▸ **Your objective**: Give again, word for word, the lines below that run from the line with "10月26日晚,中南大学钛锆" through the line with "Dvě synchronizované 48". Drop the pictures.
═══ Dataset records ═══
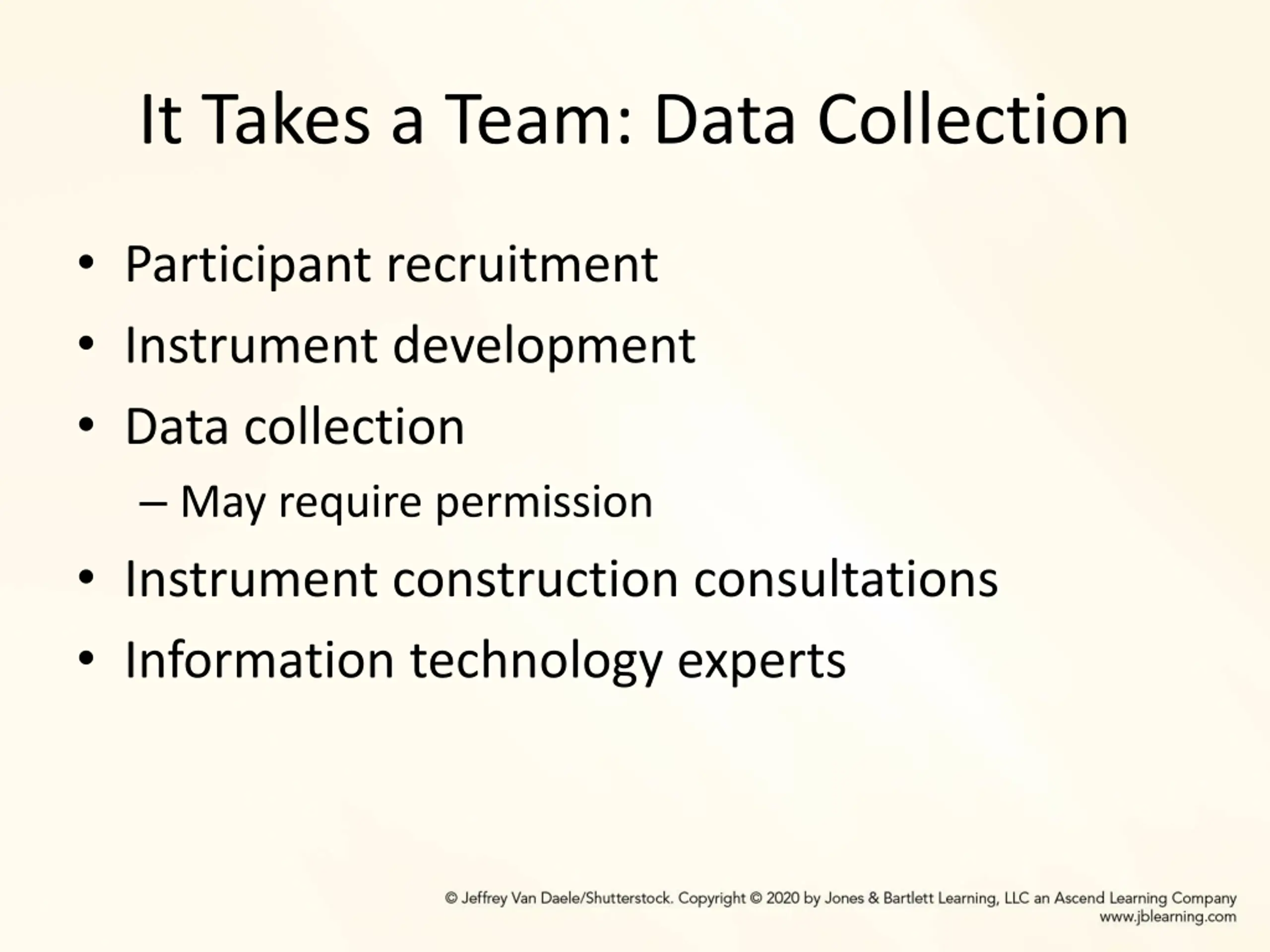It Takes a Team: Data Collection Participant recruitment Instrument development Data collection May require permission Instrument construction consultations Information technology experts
═══
═══ Dataset records ═══
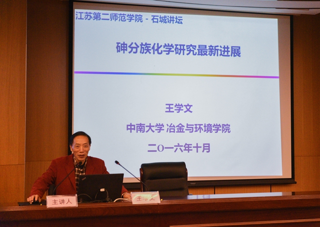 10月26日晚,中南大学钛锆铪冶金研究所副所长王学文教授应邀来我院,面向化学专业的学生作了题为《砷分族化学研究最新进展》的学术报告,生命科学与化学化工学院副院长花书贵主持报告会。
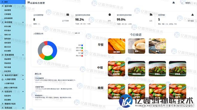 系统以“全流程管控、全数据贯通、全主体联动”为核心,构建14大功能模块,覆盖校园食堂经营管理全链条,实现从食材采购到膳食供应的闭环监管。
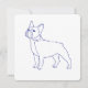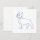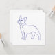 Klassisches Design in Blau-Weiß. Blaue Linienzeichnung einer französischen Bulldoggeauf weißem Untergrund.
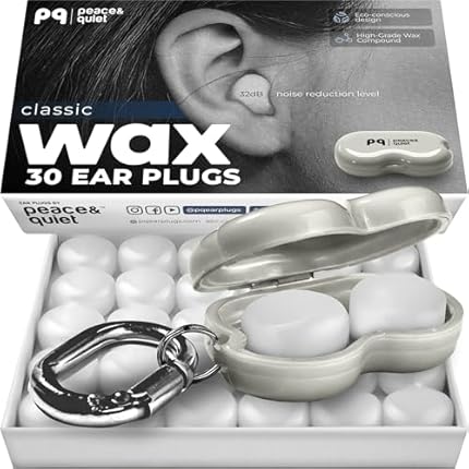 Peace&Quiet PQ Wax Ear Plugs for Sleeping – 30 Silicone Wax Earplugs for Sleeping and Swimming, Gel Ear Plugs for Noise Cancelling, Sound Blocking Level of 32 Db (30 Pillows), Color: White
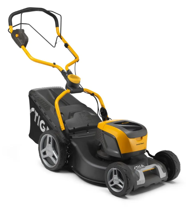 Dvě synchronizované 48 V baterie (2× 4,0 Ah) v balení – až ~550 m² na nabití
═══
▸ **Solution for this task**:
 10月26日晚,中南大学钛锆铪冶金研究所副所长王学文教授应邀来我院,面向化学专业的学生作了题为《砷分族化学研究最新进展》的学术报告,生命科学与化学化工学院副院长花书贵主持报告会。
 系统以“全流程管控、全数据贯通、全主体联动”为核心,构建14大功能模块,覆盖校园食堂经营管理全链条,实现从食材采购到膳食供应的闭环监管。
 Klassisches Design in Blau-Weiß. Blaue Linienzeichnung einer französischen Bulldoggeauf weißem Untergrund.
 Peace&Quiet PQ Wax Ear Plugs for Sleeping – 30 Silicone Wax Earplugs for Sleeping and Swimming, Gel Ear Plugs for Noise Cancelling, Sound Blocking Level of 32 Db (30 Pillows), Color: White
 Dvě synchronizované 48 V baterie (2× 4,0 Ah) v balení – až ~550 m² na nabití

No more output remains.